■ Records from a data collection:
☆ ☆ ☆ ☆ ☆

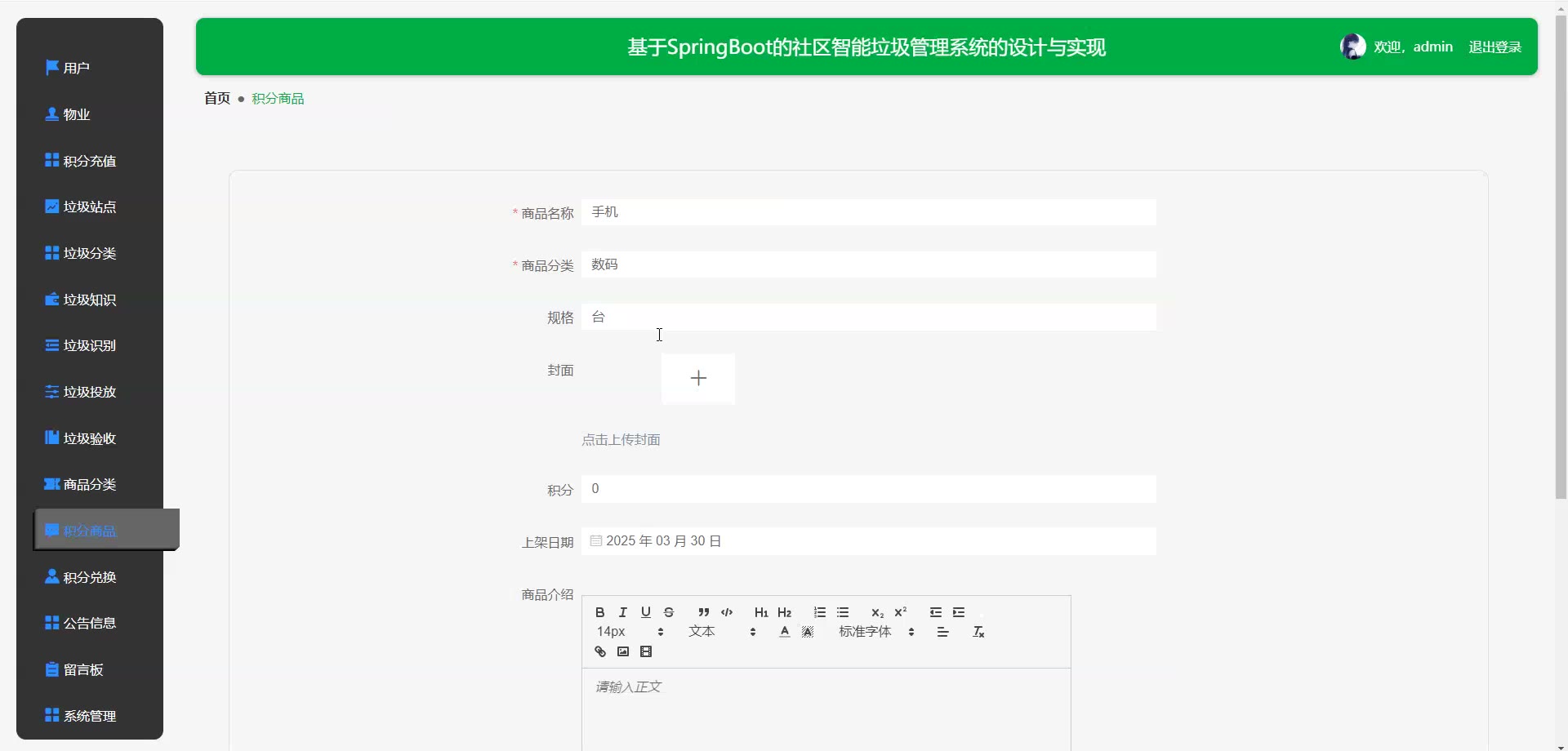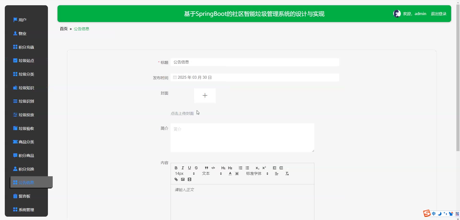 基于SpringBoot vue的社区智能垃圾管理系统源码+论文springboot1766
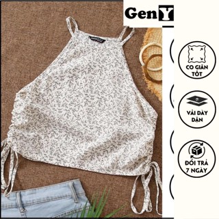 Áo 2 dây nữ dạng yếm hoa nhí GenY - Áo yếm nữ đi biển rút dây 2 bên chất lụa mềm mịn
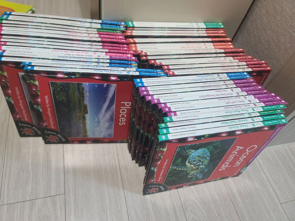 아이들 영어 학습용 교재 전집이에요. Ocean Animals 등 다양한 주제의 책들이 포함되어 있고, 사용감은 있지만 읽기에는 문제없는 상태입니다. 워크북도 포함되어있어요
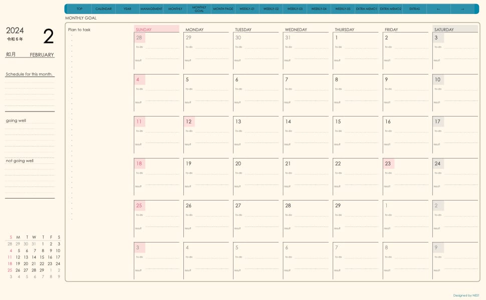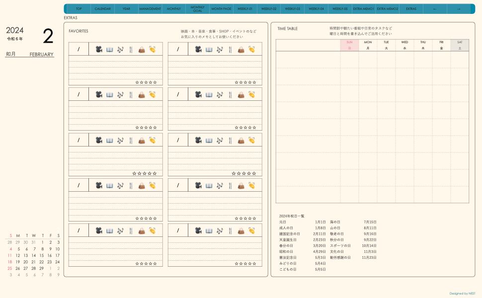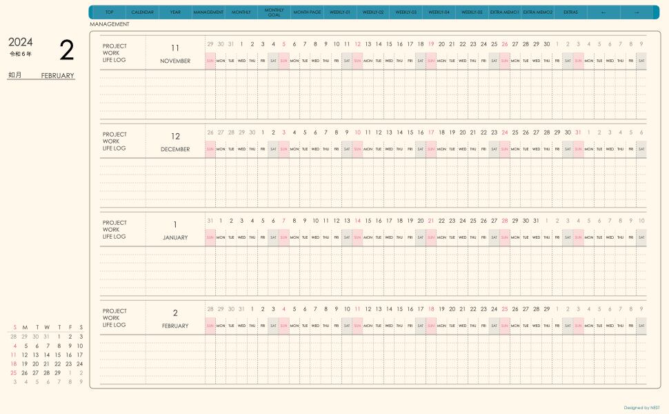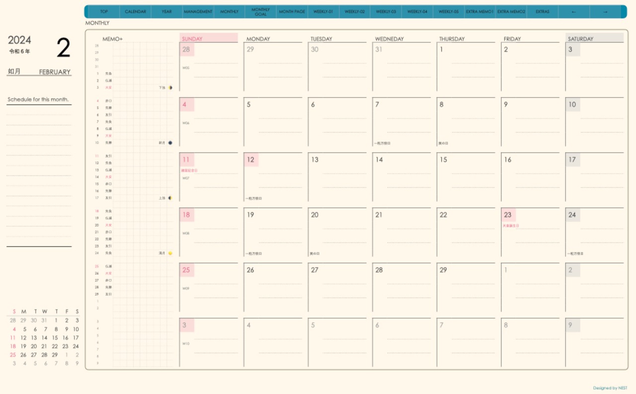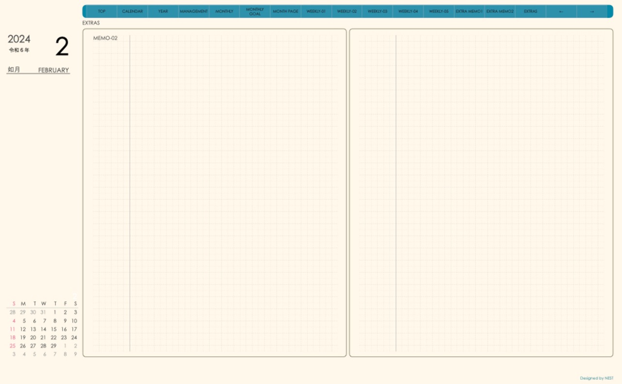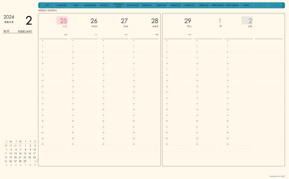 **手帖(week-verticalシリーズ)日曜日始まり2024.02月版**
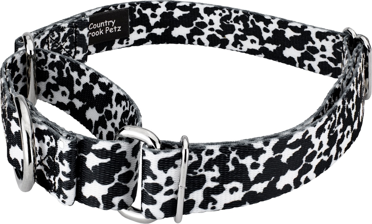 Country Brook Petz Dairy Cow Polyester Martingale Dog Collar, Black, Small: 11 to 15-in neck, 5/8-in wide
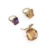 Including and amethyst and ruby cocktail ring, stamped 14k; a citrine and green gem ring, stamped 14k; a large citrine pendant in a stylised scrolling mount, unmarked (3)
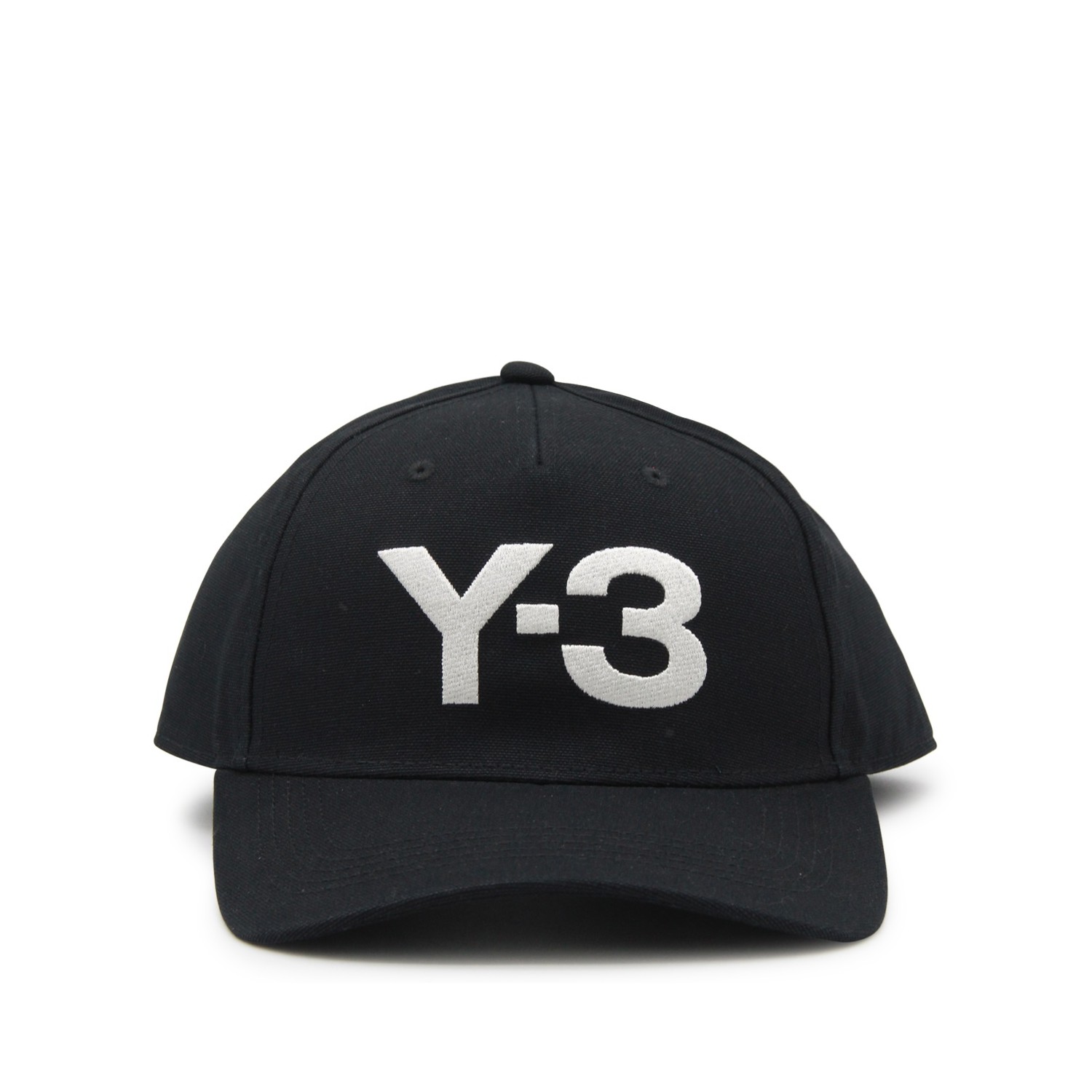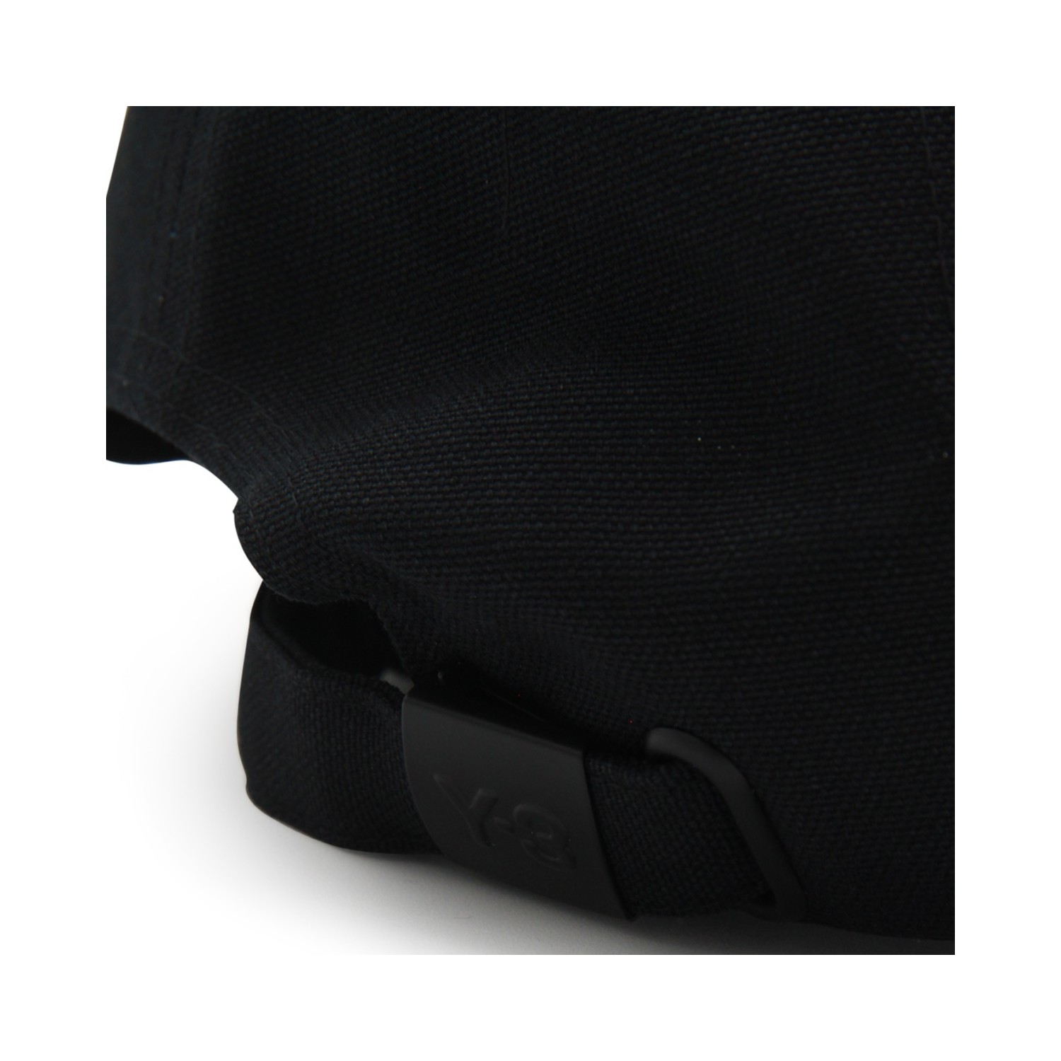 Black cotton hat from Adidas Y-3 featuring round trim, frontal logo detail and adjutable size.
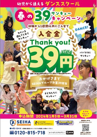 【セイハダンスアカデミー】では、2024年1月5日〜3月31日まで、ご入会いただくお客様に感謝の気持ちを込めて「春の39キャンペーン」を実施しております。
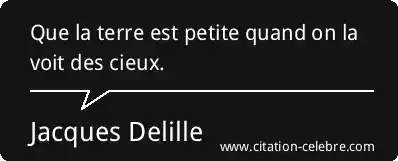 Que la terre est petite quand on la voit des cieux.
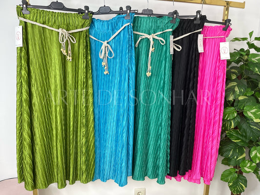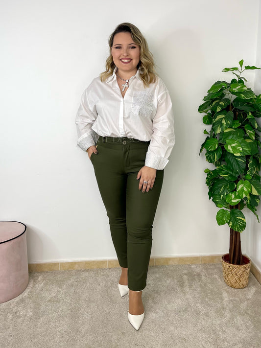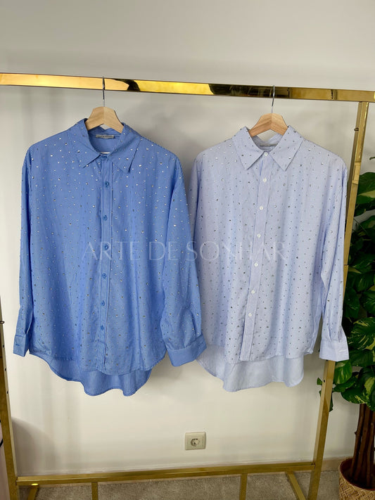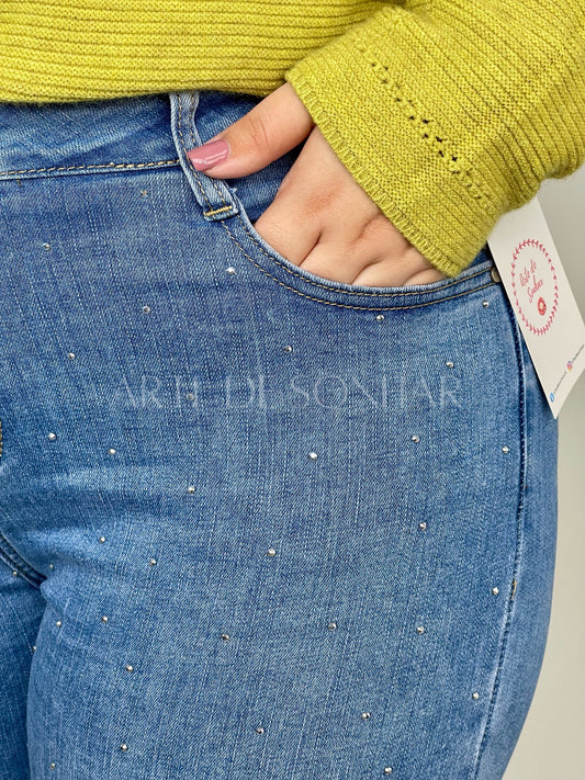 Calças de ganga clara wide leg com cristais e farripos no fundo
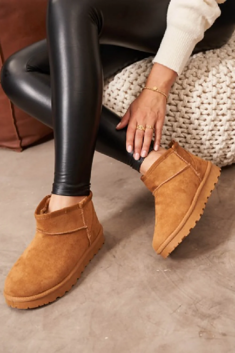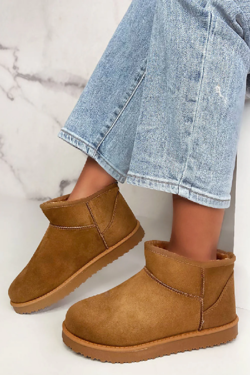 LADIES CHESTNUT FAUX SUEDE ULTRA MINI COZY SNOW ANKLE BOOTS-UK3 TO UK8 SIZES (12 PAIR PACK)
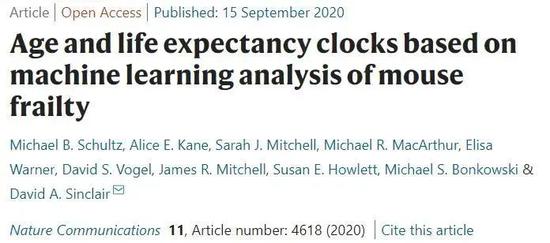 [1] Michael B。 Schultz et al, (2020) Age and life expectancy clocks based on machine learning analysis of mouse frailty。 Nature Communications。 DOI: https://doi.org/10.1038/s41467-020-18446-0[2] On the Clock。 Retrieved Sep。 16, 2020, from https://hms.harvard.edu/news/cloc
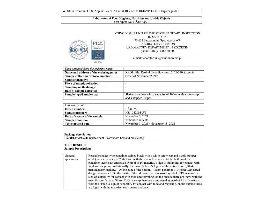 transparentní šejkr s objemem 700 ml
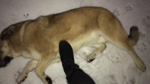 Дворовая собака Найда пузо подставляет почесать.
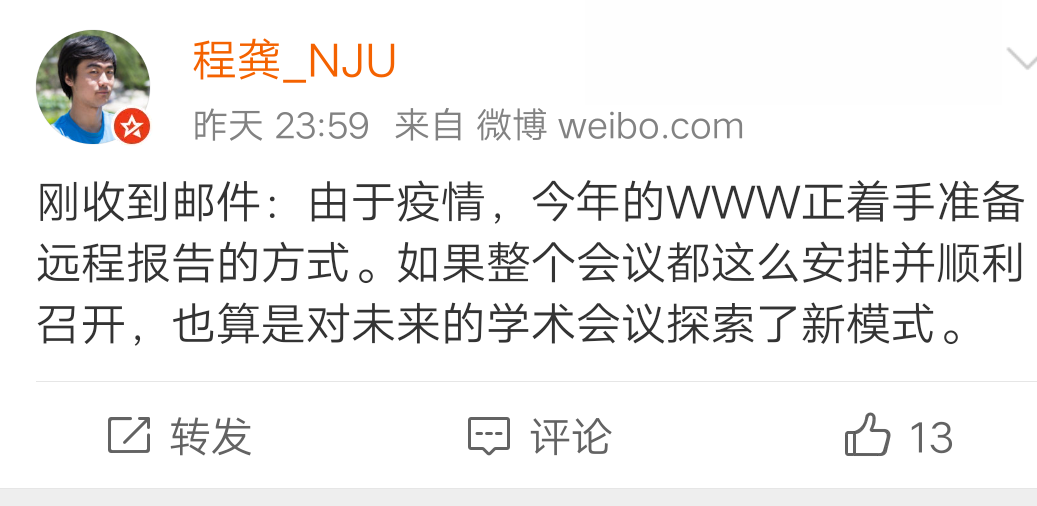 在前几天,南京大学计算机系的教师,程龚发微博表示由于疫情,今年在台北召开的WWW会议将着手准备远程报告的方式。这是继AAAI 2020 之后,又一个因疫情原因使用远程报告的国际顶级AI学术会议。
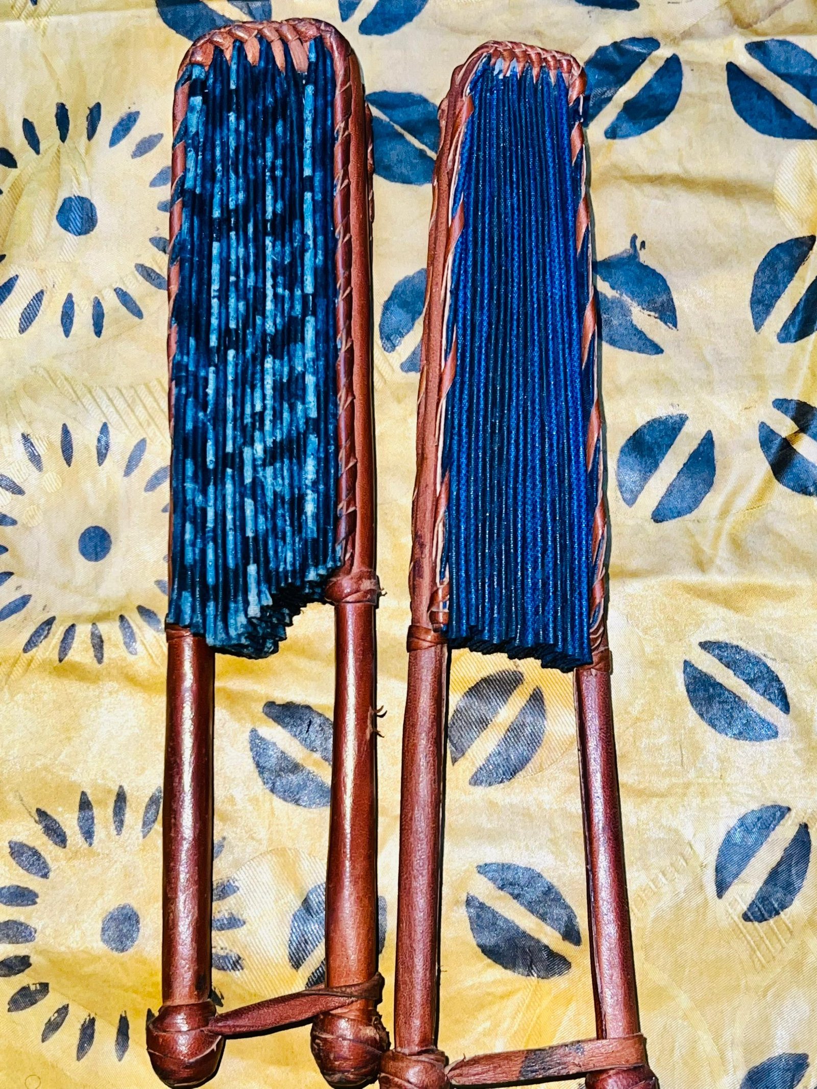 Eventails avec différents motifs et les manches en cuir 100%
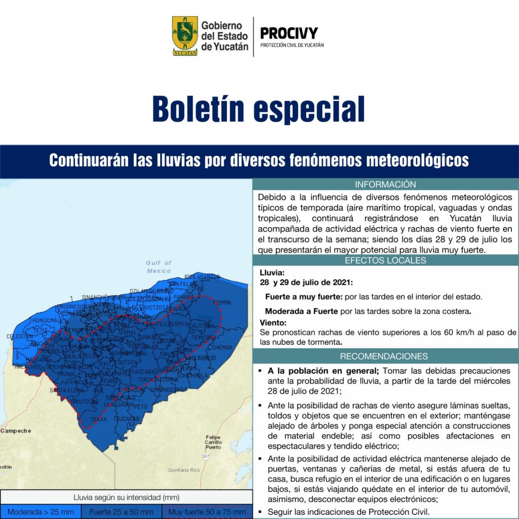 Mérida, Yucatán, 27/07/2021.- La Coordinación Estatal de Protección Civil (Procivy) alerta de potenciales lluvias intensas para este miércoles 28 y jueves 29 de agosto, ante la aproximación de diversos sistemas meteorológicos como aire marítimo tropical, vaguadas y ondas tropicales.

☆ ☆ ☆ ☆ ☆

■ EXERCISE OBJECTIVE: Without the pictures, copy out each entry exactly as it stands.

■ ANSWER TO THE EXERCISE:
 基于SpringBoot vue的社区智能垃圾管理系统源码+论文springboot1766
 Áo 2 dây nữ dạng yếm hoa nhí GenY - Áo yếm nữ đi biển rút dây 2 bên chất lụa mềm mịn
 아이들 영어 학습용 교재 전집이에요. Ocean Animals 등 다양한 주제의 책들이 포함되어 있고, 사용감은 있지만 읽기에는 문제없는 상태입니다. 워크북도 포함되어있어요
 **手帖(week-verticalシリーズ)日曜日始まり2024.02月版**
 Country Brook Petz Dairy Cow Polyester Martingale Dog Collar, Black, Small: 11 to 15-in neck, 5/8-in wide
 Including and amethyst and ruby cocktail ring, stamped 14k; a citrine and green gem ring, stamped 14k; a large citrine pendant in a stylised scrolling mount, unmarked (3)
 Black cotton hat from Adidas Y-3 featuring round trim, frontal logo detail and adjutable size.
 【セイハダンスアカデミー】では、2024年1月5日〜3月31日まで、ご入会いただくお客様に感謝の気持ちを込めて「春の39キャンペーン」を実施しております。
 Que la terre est petite quand on la voit des cieux.
 Calças de ganga clara wide leg com cristais e farripos no fundo
 LADIES CHESTNUT FAUX SUEDE ULTRA MINI COZY SNOW ANKLE BOOTS-UK3 TO UK8 SIZES (12 PAIR PACK)
 [1] Michael B。 Schultz et al, (2020) Age and life expectancy clocks based on machine learning analysis of mouse frailty。 Nature Communications。 DOI: https://doi.org/10.1038/s41467-020-18446-0[2] On the Clock。 Retrieved Sep。 16, 2020, from https://hms.harvard.edu/news/cloc
 transparentní šejkr s objemem 700 ml
 Дворовая собака Найда пузо подставляет почесать.
 在前几天,南京大学计算机系的教师,程龚发微博表示由于疫情,今年在台北召开的WWW会议将着手准备远程报告的方式。这是继AAAI 2020 之后,又一个因疫情原因使用远程报告的国际顶级AI学术会议。
 Eventails avec différents motifs et les manches en cuir 100%
 Mérida, Yucatán, 27/07/2021.- La Coordinación Estatal de Protección Civil (Procivy) alerta de potenciales lluvias intensas para este miércoles 28 y jueves 29 de agosto, ante la aproximación de diversos sistemas meteorológicos como aire marítimo tropical, vaguadas y ondas tropicales.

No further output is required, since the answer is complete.